Since its inception in spring of 2014, OCC has held seminars and classes in Atlanta, Savannah, Louisiana, and other areas, teaching fight movement to more than 2,500 actors, stunt performers, and other industry professionals. As a working actor and stunt performer, Monolopolus’ experience as a martial arts competitor and instructor translates into additional storytelling tools for him and his students.

“What we’re trying to do is create a synthesis of any special skill that happens in the world of film and performance art and be a training network and platform for people to share that and build on that,” he says. “Instead of something that is stunt or acting specific or something that’s just the production side, we’re trying to bring all those things together to talk about how we can most efficiently communicate with our bodies and our mouths to make exciting and dynamic content.”

In addition to teaching hand-to-hand combat, various weapon skills, military tactics, and motion capture techniques, OCC classes are filmed, allowing students to review their own performances. Students’ headshots are also added to OCC’s database, which provides a variety of casting opportunities.

“Even though we focus on the performance side in class, we always have an action videographer on staff and a professional director of photography,” he adds. “Any time we’re running a course or on a production, this DP understands the language of fight movement that the performers are talking about. We believe a more educated performer knows more about production and a more educated production person knows more about performance.”

With his accomplishments as a writer, producer, and director, Monolopolus is just as comfortable behind the camera as he is in front of it. In addition to recent stunt and acting work on Georgia-filmed shows such as “The Originals” and “Separation Anxiety,” Monolopolus also has several of his own productions debuting over the next few months, beginning with the premiere for “64/8” at the Plaza Theatre on May 5.

Co-directed by Monolopolus and Edward Reid, “64/8” is a dark comedy about being a background extra on Georgia productions, filmed at Atlanta-area prop store All About Props with a Georgia-based cast and crew. The premiere screening includes a pre-party, red carpet event, Q&A, and networking reception, where casting directors for Monolopolus’ next pilot, “Force,” will be on hand. The following month, “Alpha,” the short film directed by and starring Monolopolus, premieres at the inaugural Terminus film convention.

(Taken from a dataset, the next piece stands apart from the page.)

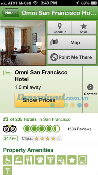 Cho phép tìm khách sạn và tìm kiếm theo mức giá phù hợp với ngân sách của bạn. Khi bạn dùng tùy chọn Book with TripAdvisor, bạn có thể truy cập thẳng vào thông tin phòng và mô tả do khách sạn cung cấp. Sau đó điền thông tin cần thiết để đặt phòng ngay trên TripAdvisor.

From his background in martial arts to his work as an actor and stunt performer to his own casting and directing endeavors, Monolopolus embodies the idea that the more you learn, the farther you’ll go.

“The big thing I pull from what I do is just get out there and do,” he says. “Don’t be afraid to network and collaborate with the local film community, but also don’t be afraid to do the work to make things happen. Don’t put yourself in a bubble; incorporate yourself into the network of actors and filmmakers. Make sure you are proficient before you say you can do something. Taking a class on something is different than being proficient in something. Just be honest about what you’re able to do and get out there and do it.”